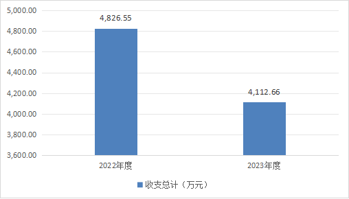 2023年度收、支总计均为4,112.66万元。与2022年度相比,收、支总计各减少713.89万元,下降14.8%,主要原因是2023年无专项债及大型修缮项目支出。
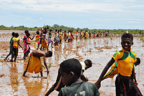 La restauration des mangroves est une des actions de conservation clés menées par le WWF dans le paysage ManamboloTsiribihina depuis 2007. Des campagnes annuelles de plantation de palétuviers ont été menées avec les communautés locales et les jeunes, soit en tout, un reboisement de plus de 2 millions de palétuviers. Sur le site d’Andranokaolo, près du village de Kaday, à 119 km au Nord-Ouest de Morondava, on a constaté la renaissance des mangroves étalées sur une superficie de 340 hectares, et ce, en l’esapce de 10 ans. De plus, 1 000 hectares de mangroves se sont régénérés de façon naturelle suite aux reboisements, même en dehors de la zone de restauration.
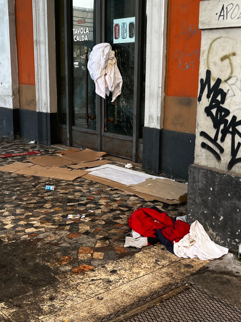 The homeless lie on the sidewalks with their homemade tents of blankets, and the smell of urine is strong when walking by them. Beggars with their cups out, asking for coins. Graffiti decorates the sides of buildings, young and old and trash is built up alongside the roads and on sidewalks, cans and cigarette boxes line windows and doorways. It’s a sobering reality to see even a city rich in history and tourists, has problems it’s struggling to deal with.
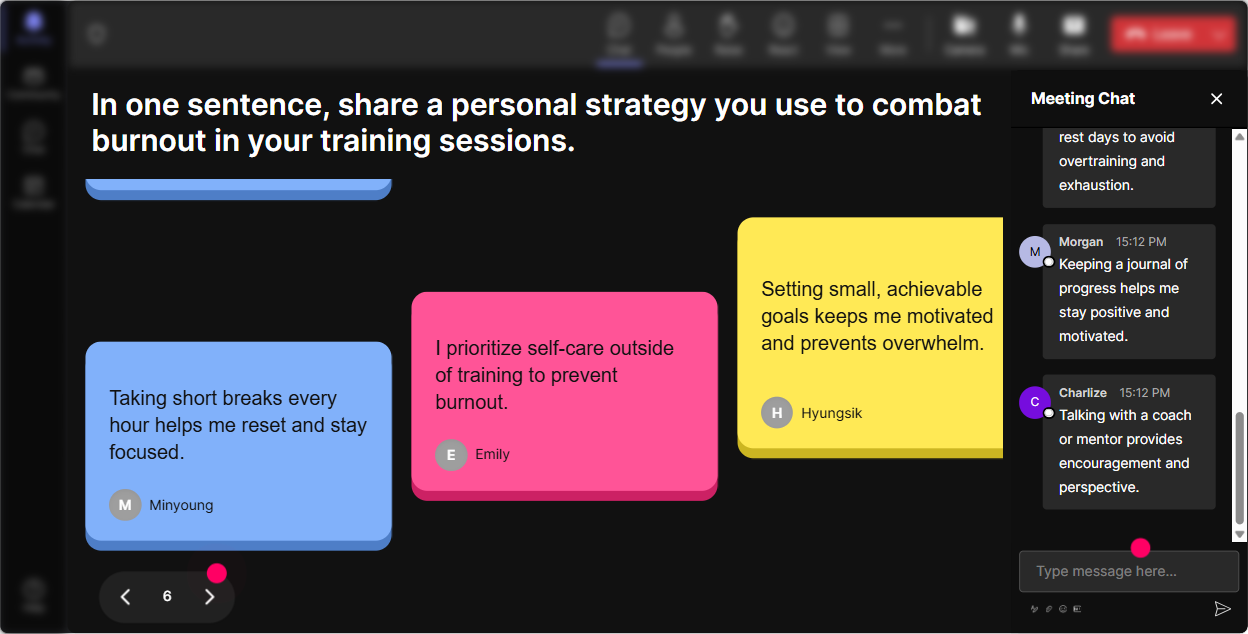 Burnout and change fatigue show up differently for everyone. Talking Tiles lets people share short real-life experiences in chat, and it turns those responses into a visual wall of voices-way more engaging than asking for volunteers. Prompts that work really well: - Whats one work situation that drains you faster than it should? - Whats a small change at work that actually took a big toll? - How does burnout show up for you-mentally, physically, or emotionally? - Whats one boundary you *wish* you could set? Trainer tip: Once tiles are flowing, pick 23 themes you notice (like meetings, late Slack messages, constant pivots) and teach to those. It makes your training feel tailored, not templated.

-----

Every line of the listing is to be repeated exactly, and the pictures are to be dropped.

[Exercise answer]:
 2023年度收、支总计均为4,112.66万元。与2022年度相比,收、支总计各减少713.89万元,下降14.8%,主要原因是2023年无专项债及大型修缮项目支出。
 La restauration des mangroves est une des actions de conservation clés menées par le WWF dans le paysage ManamboloTsiribihina depuis 2007. Des campagnes annuelles de plantation de palétuviers ont été menées avec les communautés locales et les jeunes, soit en tout, un reboisement de plus de 2 millions de palétuviers. Sur le site d’Andranokaolo, près du village de Kaday, à 119 km au Nord-Ouest de Morondava, on a constaté la renaissance des mangroves étalées sur une superficie de 340 hectares, et ce, en l’esapce de 10 ans. De plus, 1 000 hectares de mangroves se sont régénérés de façon naturelle suite aux reboisements, même en dehors de la zone de restauration.
 The homeless lie on the sidewalks with their homemade tents of blankets, and the smell of urine is strong when walking by them. Beggars with their cups out, asking for coins. Graffiti decorates the sides of buildings, young and old and trash is built up alongside the roads and on sidewalks, cans and cigarette boxes line windows and doorways. It’s a sobering reality to see even a city rich in history and tourists, has problems it’s struggling to deal with.
 Burnout and change fatigue show up differently for everyone. Talking Tiles lets people share short real-life experiences in chat, and it turns those responses into a visual wall of voices-way more engaging than asking for volunteers. Prompts that work really well: - Whats one work situation that drains you faster than it should? - Whats a small change at work that actually took a big toll? - How does burnout show up for you-mentally, physically, or emotionally? - Whats one boundary you *wish* you could set? Trainer tip: Once tiles are flowing, pick 23 themes you notice (like meetings, late Slack messages, constant pivots) and teach to those. It makes your training feel tailored, not templated.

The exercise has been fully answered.